Language of document :

Mededeling in het PB

 

Beroep, op 25 mei 2004 ingesteld door Ryanair Limited tegen Commissie van de Europese Gemeenschappen

(Zaak T-196/04)

Procestaal: Engels

Bij het Gerecht van eerste aanleg van de Europese Gemeenschappen is op 25 mei 2004 beroep ingesteld tegen Commissie van de Europese Gemeenschappen door Ryanair Limited, gevestigd te Dublin, Ierland, vertegenwoordigd door D. Gleeson en A. Collins, barristers, en V. Power, solicitor.

Verzoekster concludeert dat het het Gerecht behage:

─    nietig te verklaren de beschikking van 12 februari 2004 betreffende de voordelen die het Waalse Gewest en Brussels South Charleroi Airport aan de luchtvaartmaatschappij Ryanair hebben verleend bij haar vestiging in Charleroi;

─    de Commissie te verwijzen in de kosten.

Middelen en voornaamste argumenten

Verzoekster is een in goedkope vluchten gespecialiseerde luchtvaartmaatschappij. Toen verzoekster een basis op Brussels South Charleroi Airport vestigde, heeft het Belgische Waalse Gewest ten gunste van verzoekster een aantal steunmaatregelen ten uitvoer gelegd. In de bestreden beschikking staat de Commissie op het standpunt dat een gedeelte van deze maatregelen, namelijk de verlaging van landingsrechten en kortingen op grondafhandelingsdiensten, met de gemeenschappelijke markt onverenigbare staatssteun in de zin van artikel 87 EG vormt. Een aantal andere door de luchthaven aan verzoekster toegekende steunmaatregelen zijn bij deze beschikking onder bepaalde voorwaarden met de gemeenschappelijke markt verenigbaar verklaard.

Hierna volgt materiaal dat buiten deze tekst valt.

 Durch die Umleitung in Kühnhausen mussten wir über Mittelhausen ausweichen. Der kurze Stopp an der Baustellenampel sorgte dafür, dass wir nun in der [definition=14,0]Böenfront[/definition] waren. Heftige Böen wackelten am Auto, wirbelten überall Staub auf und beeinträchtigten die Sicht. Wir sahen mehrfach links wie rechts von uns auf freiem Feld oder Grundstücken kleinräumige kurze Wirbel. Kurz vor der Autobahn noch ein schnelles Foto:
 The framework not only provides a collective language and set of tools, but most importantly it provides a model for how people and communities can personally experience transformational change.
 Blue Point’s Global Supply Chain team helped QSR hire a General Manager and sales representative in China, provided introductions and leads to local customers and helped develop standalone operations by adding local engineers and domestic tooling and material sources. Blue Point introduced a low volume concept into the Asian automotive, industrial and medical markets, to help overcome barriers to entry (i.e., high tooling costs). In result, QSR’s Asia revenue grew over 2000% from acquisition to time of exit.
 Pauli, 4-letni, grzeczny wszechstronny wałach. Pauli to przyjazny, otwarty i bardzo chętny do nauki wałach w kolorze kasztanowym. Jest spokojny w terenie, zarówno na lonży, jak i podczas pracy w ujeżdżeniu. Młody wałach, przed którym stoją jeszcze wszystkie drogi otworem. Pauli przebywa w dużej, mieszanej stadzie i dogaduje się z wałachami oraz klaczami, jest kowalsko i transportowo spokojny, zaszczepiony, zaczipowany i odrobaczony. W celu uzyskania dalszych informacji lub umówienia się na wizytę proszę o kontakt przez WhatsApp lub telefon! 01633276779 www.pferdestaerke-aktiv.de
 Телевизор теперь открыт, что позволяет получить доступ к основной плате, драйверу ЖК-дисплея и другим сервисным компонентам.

Tot staving van de vordering tot nietigverklaring van deze beschikking voert verzoekster aan dat de motiveringsplicht van artikel 253 EG is geschonden. Verzoekster stelt in het bijzonder dat er in de bestreden beschikking geen redenen voor zijn gegeven dat het Waalse Gewest en de luchthaven als onafhankelijke lichamen worden behandeld hoewel het Gewest de luchthaven in eigendom heeft en beheert. Voorts stelt verzoekster dat niet is gemotiveerd waarom het Gewest als een wetgever/regelgever wordt aangemerkt en niet als eigenaar van de luchthaven, en dat de Commissie heeft nagelaten bewijs van de handelwijze van andere luchthavens in aanmerking te nemen en geen juiste evaluatie heeft gegeven van het bedrijfsplan van de luchthaven.

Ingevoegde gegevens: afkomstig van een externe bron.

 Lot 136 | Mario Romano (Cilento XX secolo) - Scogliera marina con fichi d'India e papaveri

Tevens stelt verzoekster dat artikel 87 EG onjuist is toegepast omdat niet aan alle elementen van lid 1 van dat artikel was voldaan; objectief gezien vormt de overeenkomst geen staatssteun; en de Commissie heeft verzuimd de situatie vanuit het gezichtpunt van zowel de gestelde steunverlener als de steunverkrijger te onderzoeken.